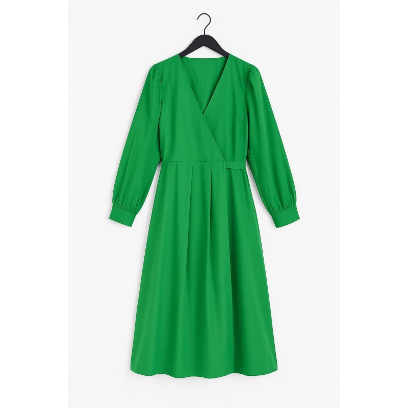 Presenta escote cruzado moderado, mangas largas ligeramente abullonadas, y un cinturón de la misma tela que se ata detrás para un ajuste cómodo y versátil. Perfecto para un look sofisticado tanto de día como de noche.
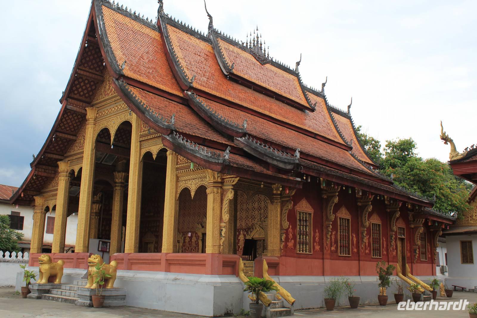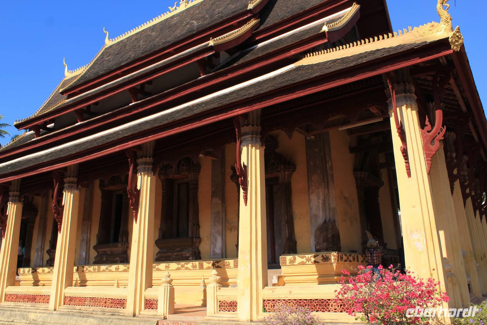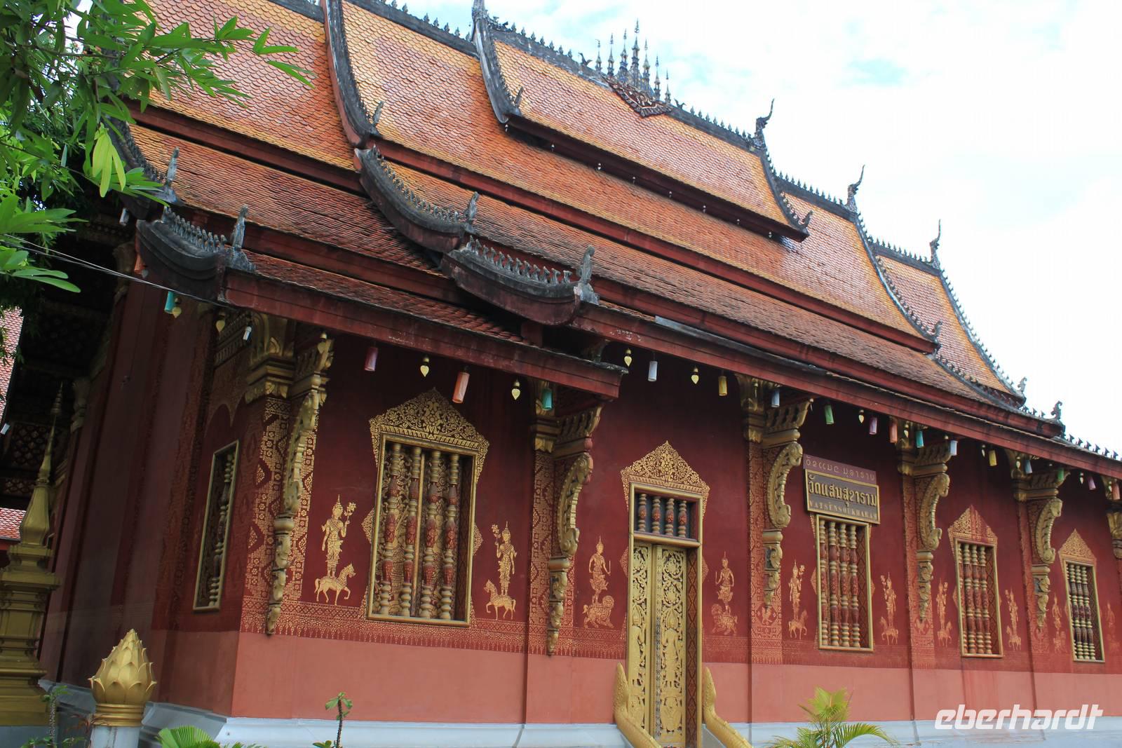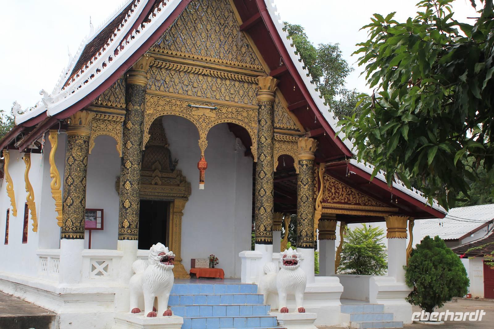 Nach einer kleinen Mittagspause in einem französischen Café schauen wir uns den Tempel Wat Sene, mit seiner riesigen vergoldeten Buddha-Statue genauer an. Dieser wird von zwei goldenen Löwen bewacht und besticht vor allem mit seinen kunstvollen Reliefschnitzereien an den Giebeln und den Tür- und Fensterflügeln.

* * *

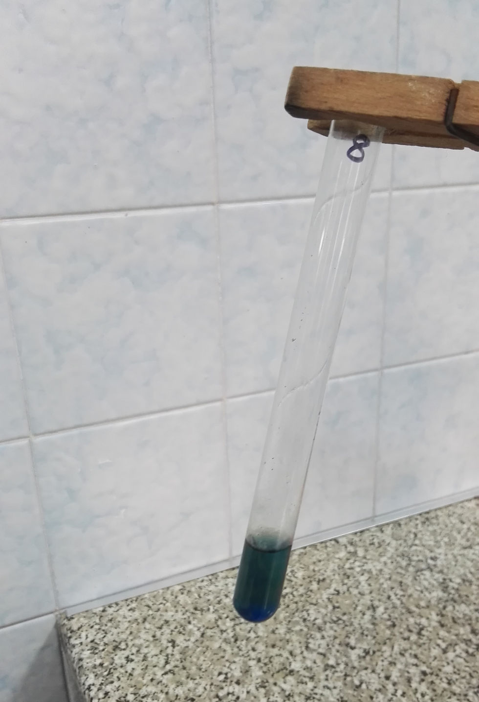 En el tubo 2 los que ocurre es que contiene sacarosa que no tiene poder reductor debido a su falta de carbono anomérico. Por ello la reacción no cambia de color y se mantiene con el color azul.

WHAT YOU ARE ASKED TO DO: Give back exactly, and solely, the section of the data above bounded by the line containing "Presenta escote cruzado" and the line containing "Nach einer kleinen", both bounding lines included and pictures omitted.

EXERCISE SOLUTION:
 Presenta escote cruzado moderado, mangas largas ligeramente abullonadas, y un cinturón de la misma tela que se ata detrás para un ajuste cómodo y versátil. Perfecto para un look sofisticado tanto de día como de noche.
 Nach einer kleinen Mittagspause in einem französischen Café schauen wir uns den Tempel Wat Sene, mit seiner riesigen vergoldeten Buddha-Statue genauer an. Dieser wird von zwei goldenen Löwen bewacht und besticht vor allem mit seinen kunstvollen Reliefschnitzereien an den Giebeln und den Tür- und Fensterflügeln.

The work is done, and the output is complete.